ETUDE COMPARATIVE DE LA METHODE DU PHOTO-COURANT CONSTANT EN REGIME PERIODIQUE (AC-CPM) ET CONTINU (DC-CPM) COMPARATIVE STUDY OF CONSTANT PHOTO-CURRENT METHOD IN PERIODIC REGIME (AC-CPM) AND CONTINUOUS REGIME (DC-CPM)
Résumé
Le but de ce travail est de comparer les résultats de caractérisation des défauts profonds dans le silicium amorphe hydrogéné
(a-Si : H) intrinsèque obtenus par la méthode de photo-courant constant en régime périodique (AC-CPM) et en régime continu
(DC-CPM). Pour cette raison, nous avons développé un programme de simulation qui tient en compte toutes les transitions
optiques possibles, a savoir les transitions optiques directes entre les états occupés et la bande de conduction et les transitions
optiques indirectes entre la bande de valence ou la queue de bande de valence et les états non occupés suivie par des émissions
thermiques convenables. Nous présentons ainsi la différence observée concernant le coefficient d’absorption optique et la
densité d’états profonds entre le régime périodique (mode AC) et le régime continu (mode DC). Ceci est du aux différences qui
existent entre les deux modes en termes de transitions optiques directes et indirectes.

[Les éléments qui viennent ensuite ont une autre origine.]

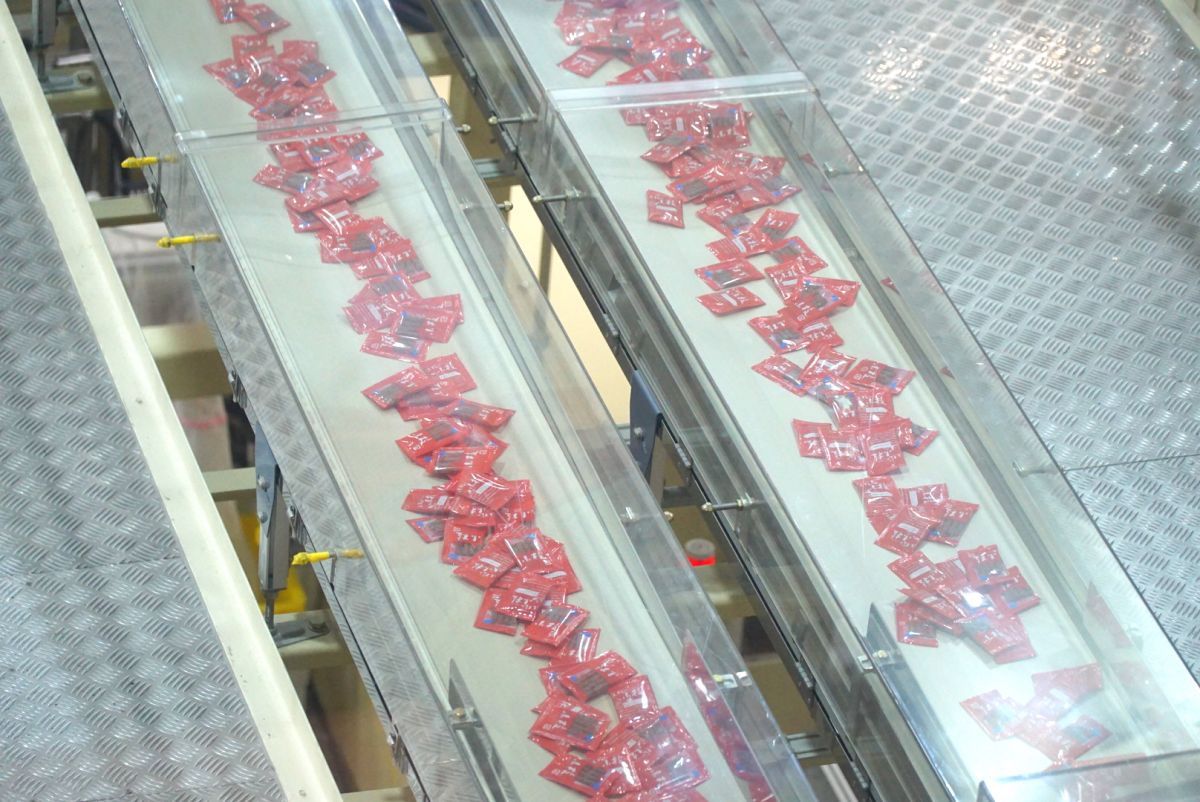 映像や展示を通して、森永製菓の歴史やお菓子を学んだあとは、徒歩数分の工場で「小枝」「ハイチュウミニ」の製造ラインが窓越しに見学可能。「小枝」が製造、包装されラインを流れていく様子に思わずワクワク。製造工程の映像やラインのライブ映像を見ることができます。

The goal of this work is to compare the results concerning the characterization of the deep defect in the intrinsic hydrogenated
amorphous silicon (a-Si: H) by mean of constant photo-current method in periodic regime (AC-CPM) and continuous regime
(DC-CPM). For this reason, we have developed a simulation computer program including all the possible thermal and optical
transitions between gap and conduction band also those which have neglected before; between valence band or tail valence
band and non occupied deep states consistent by appropriate thermal emissions. We present the difference observed for the
optical absorption coefficient and the density of deep defect states between the periodic regime (AC mode) and the continuous
regime (DC mode). We affect this difference to the ability of the AC mode to feel only the direct optical transitions between
occupied deep defect and conduction band.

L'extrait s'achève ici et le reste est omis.